*What to work on:* Using the material below, repeat exactly the lines from the one with "Rev: ΘEΣ ΣAΛΩN, bridled" through the one with "- 在某些版本的 macOS", ends included, without any images.

*Records provided:*
- - -

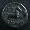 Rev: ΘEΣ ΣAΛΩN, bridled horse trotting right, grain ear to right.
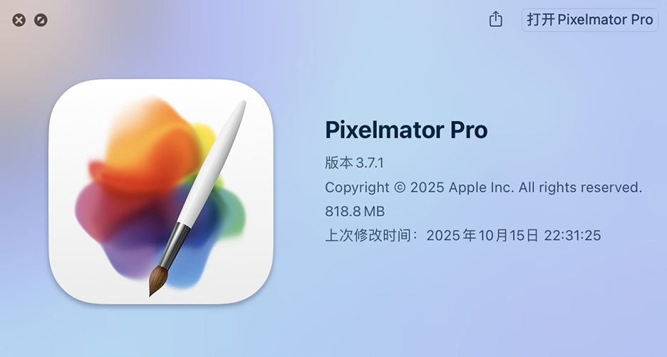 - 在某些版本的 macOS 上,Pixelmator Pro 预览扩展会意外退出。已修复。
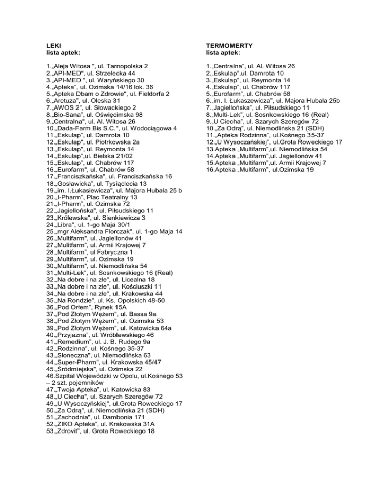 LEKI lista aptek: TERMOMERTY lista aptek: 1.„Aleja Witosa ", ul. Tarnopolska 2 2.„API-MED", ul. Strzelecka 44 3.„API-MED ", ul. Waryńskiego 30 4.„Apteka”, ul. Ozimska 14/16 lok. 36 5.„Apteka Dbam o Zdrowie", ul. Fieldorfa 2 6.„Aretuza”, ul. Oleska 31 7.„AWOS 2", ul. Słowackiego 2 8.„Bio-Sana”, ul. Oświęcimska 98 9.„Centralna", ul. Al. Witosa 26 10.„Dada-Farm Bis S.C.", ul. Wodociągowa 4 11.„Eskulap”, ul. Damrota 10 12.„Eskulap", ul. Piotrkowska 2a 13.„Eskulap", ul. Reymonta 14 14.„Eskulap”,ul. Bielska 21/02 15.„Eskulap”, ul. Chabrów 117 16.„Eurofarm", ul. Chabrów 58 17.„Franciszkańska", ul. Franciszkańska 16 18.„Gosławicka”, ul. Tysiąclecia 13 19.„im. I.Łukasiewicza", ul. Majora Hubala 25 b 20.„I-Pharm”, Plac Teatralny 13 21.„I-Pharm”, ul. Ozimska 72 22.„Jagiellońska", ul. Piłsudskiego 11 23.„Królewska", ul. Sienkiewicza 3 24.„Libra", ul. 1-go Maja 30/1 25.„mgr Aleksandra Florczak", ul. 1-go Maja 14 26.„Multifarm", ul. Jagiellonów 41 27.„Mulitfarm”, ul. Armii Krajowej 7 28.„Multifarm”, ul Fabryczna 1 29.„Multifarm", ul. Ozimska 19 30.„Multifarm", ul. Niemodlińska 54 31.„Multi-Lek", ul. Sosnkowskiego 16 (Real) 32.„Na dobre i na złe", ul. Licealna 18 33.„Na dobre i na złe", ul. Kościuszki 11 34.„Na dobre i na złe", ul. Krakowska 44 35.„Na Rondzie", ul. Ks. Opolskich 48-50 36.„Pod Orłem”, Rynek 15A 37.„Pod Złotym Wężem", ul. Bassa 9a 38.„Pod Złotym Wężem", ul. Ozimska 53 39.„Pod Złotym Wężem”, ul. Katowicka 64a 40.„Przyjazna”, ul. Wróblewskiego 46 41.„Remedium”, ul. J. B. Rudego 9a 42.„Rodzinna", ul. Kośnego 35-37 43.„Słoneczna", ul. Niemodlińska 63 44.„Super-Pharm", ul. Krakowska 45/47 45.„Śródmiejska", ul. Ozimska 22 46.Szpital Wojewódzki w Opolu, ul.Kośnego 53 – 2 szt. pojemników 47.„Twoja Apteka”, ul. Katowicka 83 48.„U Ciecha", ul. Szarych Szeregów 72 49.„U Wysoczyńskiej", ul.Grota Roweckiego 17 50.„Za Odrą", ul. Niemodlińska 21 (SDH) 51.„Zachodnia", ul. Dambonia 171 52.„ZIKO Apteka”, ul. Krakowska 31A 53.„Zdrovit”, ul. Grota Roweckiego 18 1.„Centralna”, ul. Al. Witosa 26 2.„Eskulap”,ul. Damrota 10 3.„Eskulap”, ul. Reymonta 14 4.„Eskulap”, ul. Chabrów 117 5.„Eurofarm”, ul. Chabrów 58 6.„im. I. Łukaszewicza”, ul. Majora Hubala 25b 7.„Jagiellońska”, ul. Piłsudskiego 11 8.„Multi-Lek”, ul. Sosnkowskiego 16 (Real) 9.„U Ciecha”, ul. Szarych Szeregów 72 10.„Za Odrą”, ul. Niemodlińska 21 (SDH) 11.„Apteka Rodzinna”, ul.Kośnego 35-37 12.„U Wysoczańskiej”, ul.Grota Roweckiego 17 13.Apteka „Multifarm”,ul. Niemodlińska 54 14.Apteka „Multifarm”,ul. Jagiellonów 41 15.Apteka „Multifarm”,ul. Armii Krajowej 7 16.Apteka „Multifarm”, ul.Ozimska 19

- - -

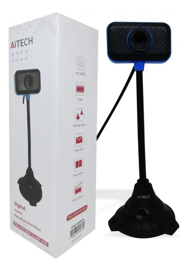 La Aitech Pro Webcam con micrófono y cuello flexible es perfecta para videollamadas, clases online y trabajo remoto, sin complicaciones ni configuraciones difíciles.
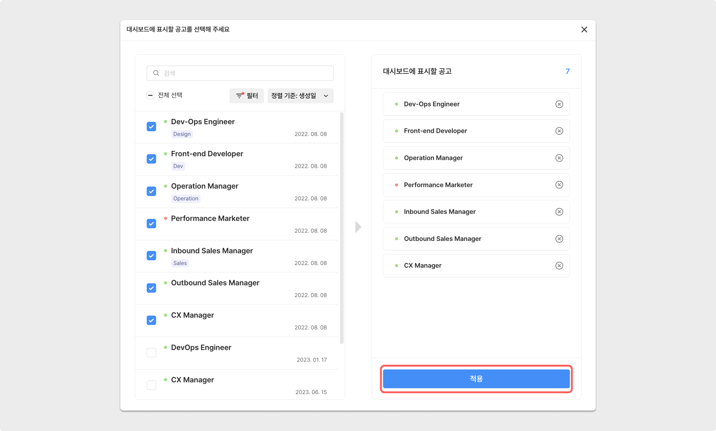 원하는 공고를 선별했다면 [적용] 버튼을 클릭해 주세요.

- - -

*Your solution:*
 Rev: ΘEΣ ΣAΛΩN, bridled horse trotting right, grain ear to right.
 - 在某些版本的 macOS 上,Pixelmator Pro 预览扩展会意外退出。已修复。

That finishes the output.